Inosine monophosphate and aspirin-triggered 15-epi-lipoxin A4 act in concert to regulate neutrophil trafficking: additive actions of two new endogenous anti-inflammatory mediators.

Regulation of neutrophil (PMN) trafficking by soluble mediators is a critical component in the outcome of host defense, inflammation resolution, and neutrophil-mediated tissue injury. Elucidation of the endogenous mediators that protect tissues from excess leukocyte traffic and aberrant PMN activation that can lead to tissue damage and chronic inflammation is of considerable interest, especially the endogenous mechanisms of anti-inflammation. To this end, we recently uncovered two new classes of mediators: inosine monophosphate (IMP) and aspirin-triggered 15(R)-epimers of native lipoxin A(4).
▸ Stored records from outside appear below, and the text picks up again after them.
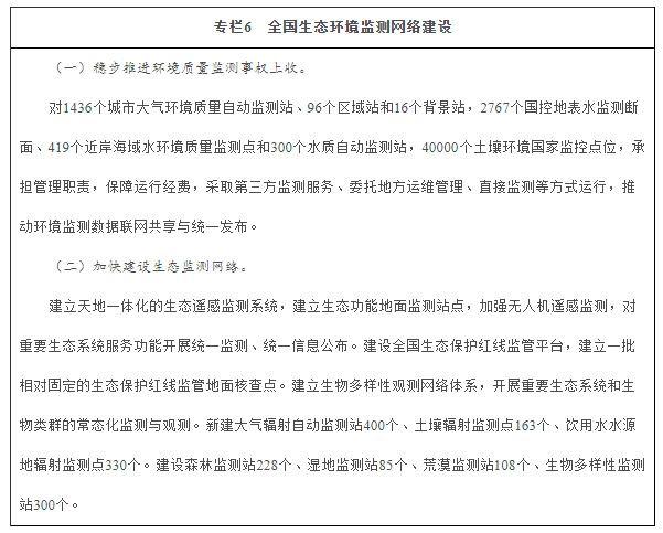 加强生态环境监测网络建设。统一规划、优化环境质量监测点位,建设涵盖大气、水、土壤、噪声、辐射等要素,布局合理、功能完善的全国环境质量监测网络,实现生态环境监测信息集成共享。大气、地表水环境质量监测点位总体覆盖80%左右的区县,人口密集的区县实现全覆盖,土壤环境质量监测点位实现全覆盖。提高大气环境质量预报和污染预警水平,强化污染源追踪与解析,地级及以上城市开展大气环境质量预报。建设国家水质监测预警平台。加强饮用水水源和土壤中持久性、生物富集性以及对人体健康危害大的污染物监测。加强重点流域城镇集中式饮用水水源水质、水体放射性监测和预警。建立天地一体化的生态遥感监测系统,实现环境卫星组网运行,加强无人机遥感监测和地面生态监测。构建生物多样性观测网络。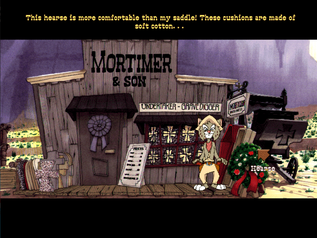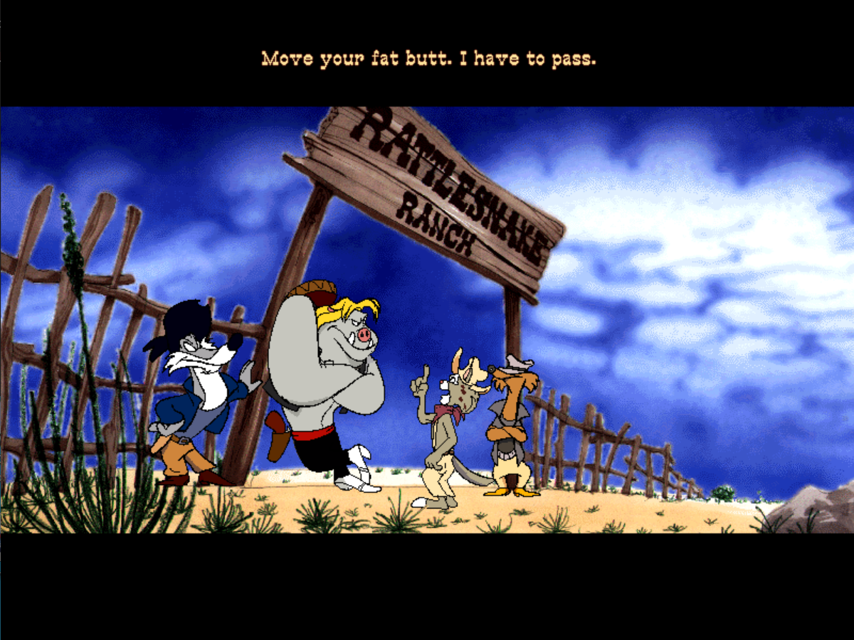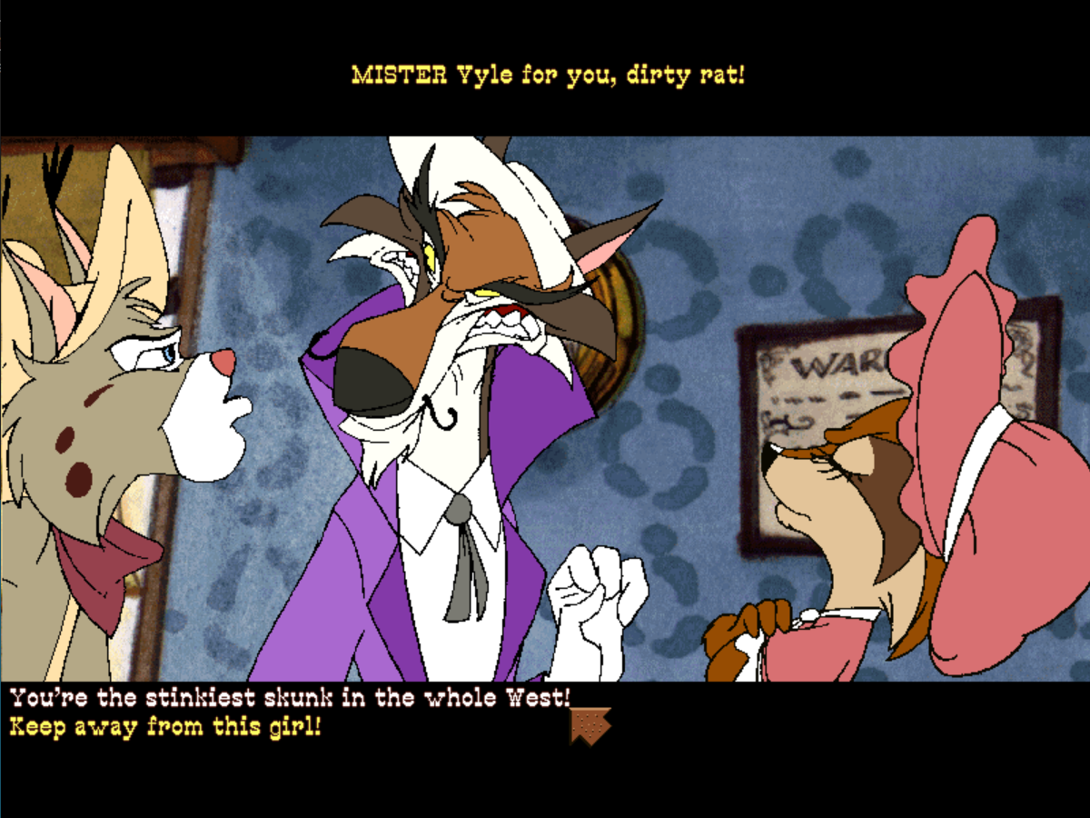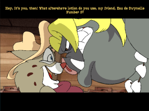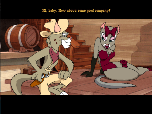 You play as Tequila, a gun-slinging trouble-making lynx who wanders into the nearly deserted Stinky Town, practically owned by the wealthy Mr. Vyle and his various goons. All that he doesn’t own are a sheep ranch run by the pretty but defenseless Melissa and an abandoned mine currently being prospected by Tequila’s strong but ill-tempered associate Boom Boom. There are rumors abound of sheep going missing and gold lurking in that mine, so what’s Tequila to do but poke his nose where it’s not wanted and see what happens.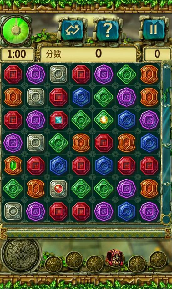 魔法图腾,强大的神秘力量不同于其他消除类游戏,在《蒙特祖玛的宝藏3》中你需要注意的是每个关卡的时限都是1分钟,所以必须在规定的时限内,达成指定的目标分数来获得神秘的金币。而每个关卡内的金币都获取之后,才能算真正完成这个关卡。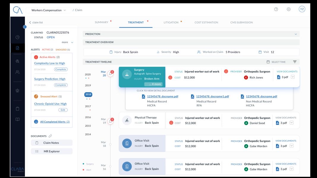 As the leading provider of artificial intelligence (AI) technology for commercial insurance claims optimization, CLARA offers a suite of complementary products that work alongside Optics. CLARA Treatment helps carriers determine which healthcare providers are most likely to produce positive patient outcomes; CLARA Triage spots potentially costly claims before they escalate; and CLARA Litigation assesses risk and helps carriers manage attorney performance.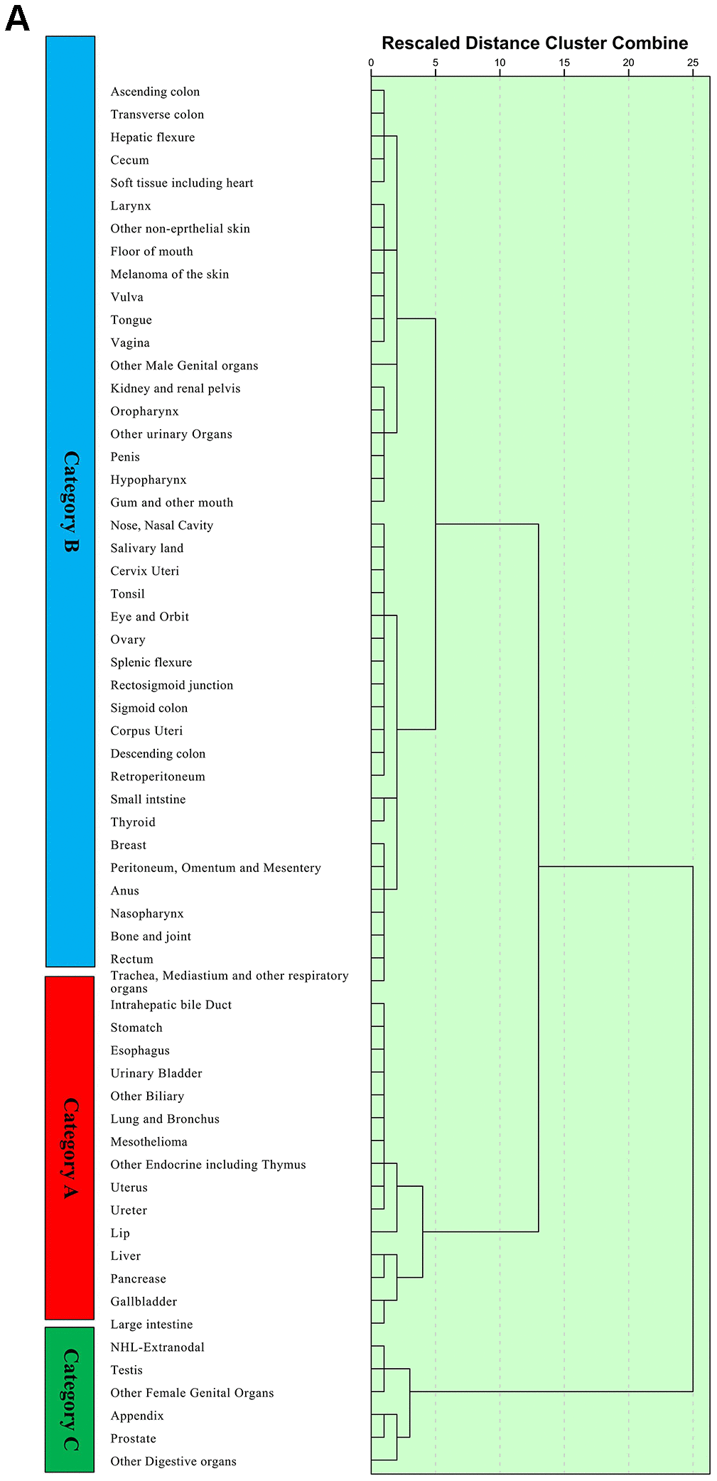 Unsupervised hierarchical clustering analysis was used to classify the 61 cancer sites into three main subgroups, namely, categories A, B, and C. The category A metastatic cancer subgroup had the worst prognosis and included intrahepatic bile duct cancer, stomach cancer, oesophageal cancer, urinary bladder cancer, other biliary cancer, lung and bronchus cancer, mesothelioma, another endocrine including thymus cancer, uterus cancer, ureter cancer, lip cancer, liver cancer, pancreatic cancer, gallbladder cancer, and large intestine cancer (Figure 4A). With the best prognosis, the category C metastatic cancer subgroup included metastatic NHL-extranodal cancer, testis cancer, other female genital organ cancer, appendix cancer, prostate cancer, and other digestive organ cancers. Details about the categories across different anatomical systems are provided in the Supplementary Table 1.

Here, we examined the combined actions of both classes of compounds in regulating key events in neutrophil trafficking. Neutrophil rolling in mouse microvessels was inhibited by both IMP or 5S,6R,15R-trihydroxy-7,9,13-trans-11-cis-eicosatetraenoic acid (15-epi-LXA(4)) in a concentration-dependent fashion. When combined, IMP (300 nM) and 15-epi-LX (10 nM) demonstrated additive inhibition of neutrophil rolling in microvessels. IMP and 15-epi-LX also significantly inhibited tumor necrosis factor-alpha (TNF-alpha)-induced neutrophil accumulation into the mouse air pouch in a dose-dependent manner. Again, the combination of low dose IMP (10 microg) and LX analog (5 microg) gave additive inhibition of neutrophil accumulation in this model. These results demonstrate the inhibition of neutrophil trafficking in two separate models by two different classes of small endogenous molecules. The additive inhibition by IMP and aspirin-triggered LX may represent key pathways that protect and resolve inflammatory responses that could be harnessed for treatment.